• _What is being asked_: Omit all pictures. Quote the lines from the one with "No special surface, the" through the end of the listing below, exactly as they appear.

• _Stored data_:

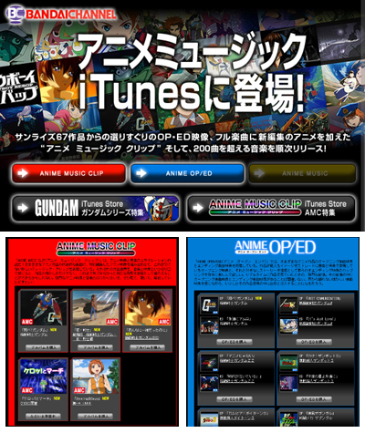 (9) バンダイチャンネルの特設サイトで は、「iTunes Store」で扱うタイトルが網羅されています。毎月、配信楽曲・映像は増えていきますので、こちらも要チェックです!
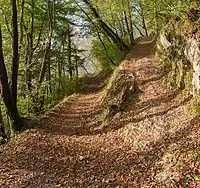 No special surface, the ground itself has marks of human or animal usage. This value gives only a rough description; if possible, use a more precise value such as
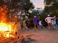 火を囲んでレクリエーションやフォークダンスを行いました。

• _Output for this exercise_:
 No special surface, the ground itself has marks of human or animal usage. This value gives only a rough description; if possible, use a more precise value such as
 火を囲んでレクリエーションやフォークダンスを行いました。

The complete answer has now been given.